According to him, aside from the GH¢15 billion approval from Parliament to use in reforming the banking sector, an additional GH¢13 billion will be required to complete the exercise completely.
Ghana’s former President, John Mahama has disclosed that the country needs about GH¢28 billion is to clean-up the banking sector and not GHS15 billion told by the Bank of Ghana.
“Parliament, recently, approved GH¢15 billion to support the cost of the banking sector clean-up, our estimates show that going by the reckless path this government chose with its attendant job losses and collapse of businesses, an additional GH¢13 billion will be required to complete the exercise of the financial clean-up,” he said.
Former President Mahama disclosed this when had an interaction with journalists on Thursday, January 30, 2020.

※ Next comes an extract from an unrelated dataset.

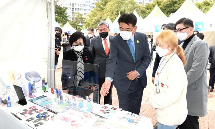 오승록 서울 노원구청장이 21일 ‘2021 노원구 일자리 박람회&창업지역경제 한마당’에 참석했다. 이 행사는 코로나19 장기화로 어려움을 겪고 있는 구직자들에게 다양한 일자리 정보 제공 및 창업 관련 정보를 제공하기 위해 마련됐다. 사진은 오 구청장(가운데)이 창업관에서 다양한 아이디어 우수 상품을 둘러보고 있는 모습. (사진제공=노원구청)

He said, “Now, it’s interesting to note [that] government did not make any provision for the cost of the banking sector crisis in both the 2020 budget and the three-year medium-term expenditure framework, there’s no provision for the financial sector clean-up.

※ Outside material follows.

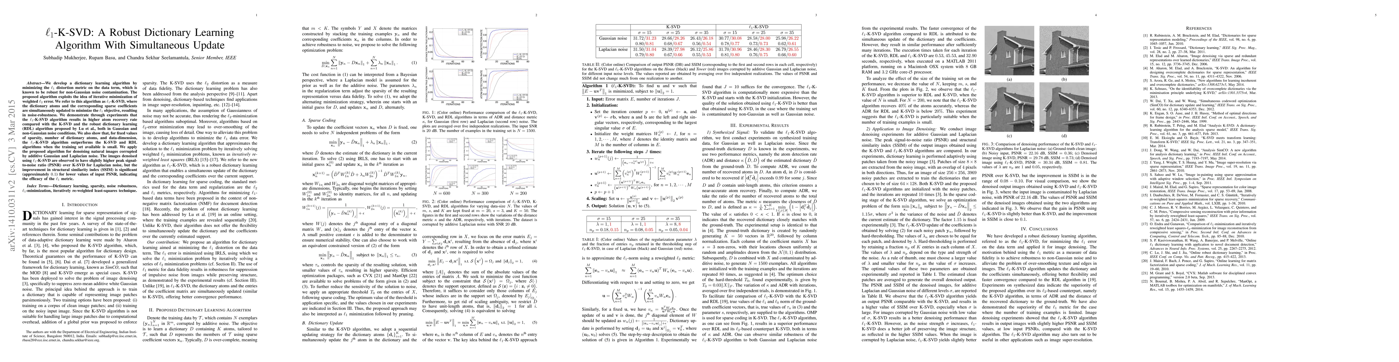 The $\ell_1$-K-SVD algorithm is developed for robust dictionary learning by minimizing the $\ell_1$ distortion metric, showing higher noise-robustness and atom recovery rates compared to K-SVD and RDL, especially under limited training data and non-Gaussian noise. It achieves better denoising performance for natural images, with notable improvements in structural similarity index (SSIM).

Adding that “Again, this was done to dishonestly lower the projected budget deficit and give a false picture of satisfactory fiscal performance in 2020, which is an election year.

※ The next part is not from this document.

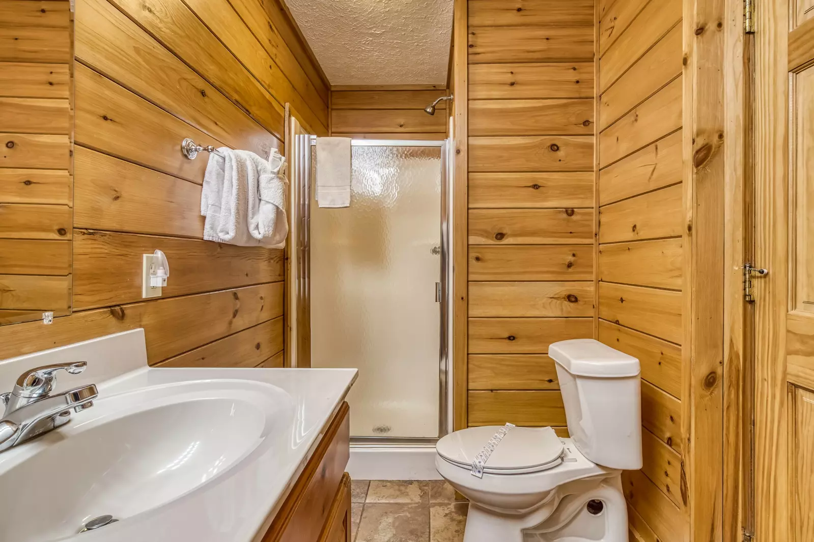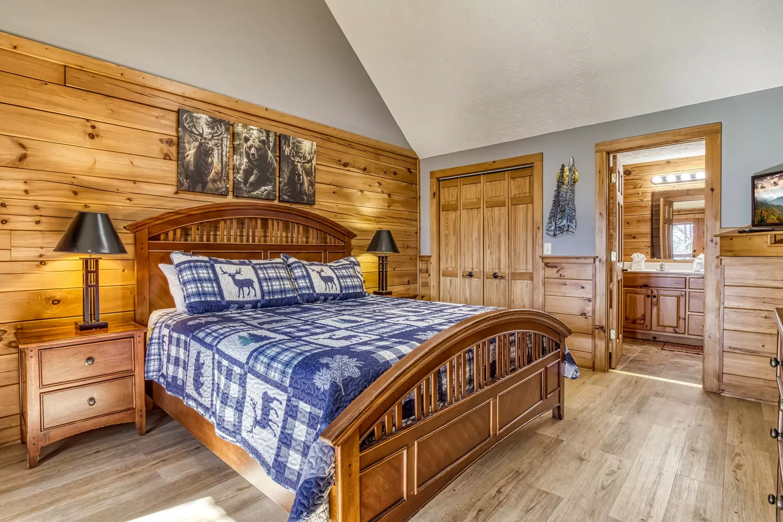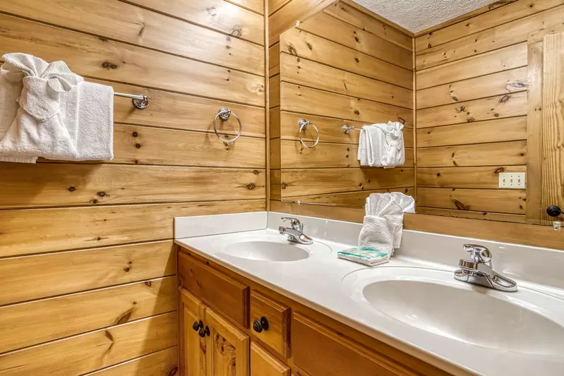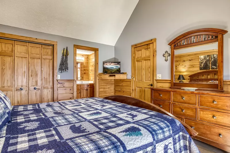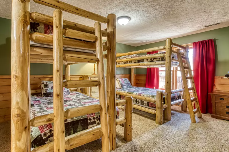 The cabin’s four thoughtfully designed bedrooms ensure everyone enjoys restful nights. On the main level, the primary and second bedrooms each feature king-sized beds, private deck access, and en suite bathrooms. Downstairs, the third bedroom boasts two queen beds and its own deck access, while the fourth bedroom is outfitted with two twin-over-full bunk beds and an en suite bathroom—perfect for children or extra guests. The cabin also includes a full-sized washer and dryer

“This is what a nation reaps when it has a president who thinks predominantly about the next election and not putting things right”, Mr Mahama noted.
Background
In December last year, President Nana Akufo-Addo granted executive approval for the expenditure of GHS15.6 billion to save the funds of depositors of the various financial institutions that were collapsed by the Bank of Ghana as well as shore up the liquidity of the financial sector.
A letter addressed to the Minister of Finance, Mr Ken Ofori-Atta, by the President’s Executive Secretary Nana Asante Bediatuo, said, “The President has granted executive approval for an expenditure of up to fifteen billion six hundred million Ghana cedis (GH¢15,600,00,00.00) toward protecting depositors and investors of failed financial institutions and to improve liquidity of the financial sector”.
In the past two years, the Bank of Ghana’s reforms has led to the collapsed of nine local banks, 347 microfinance institutions and some 23 savings and loans and finance houses.
The collapse of the nine local banks birthed the state-owned Consolidated Bank Ghana (CBG) Limited.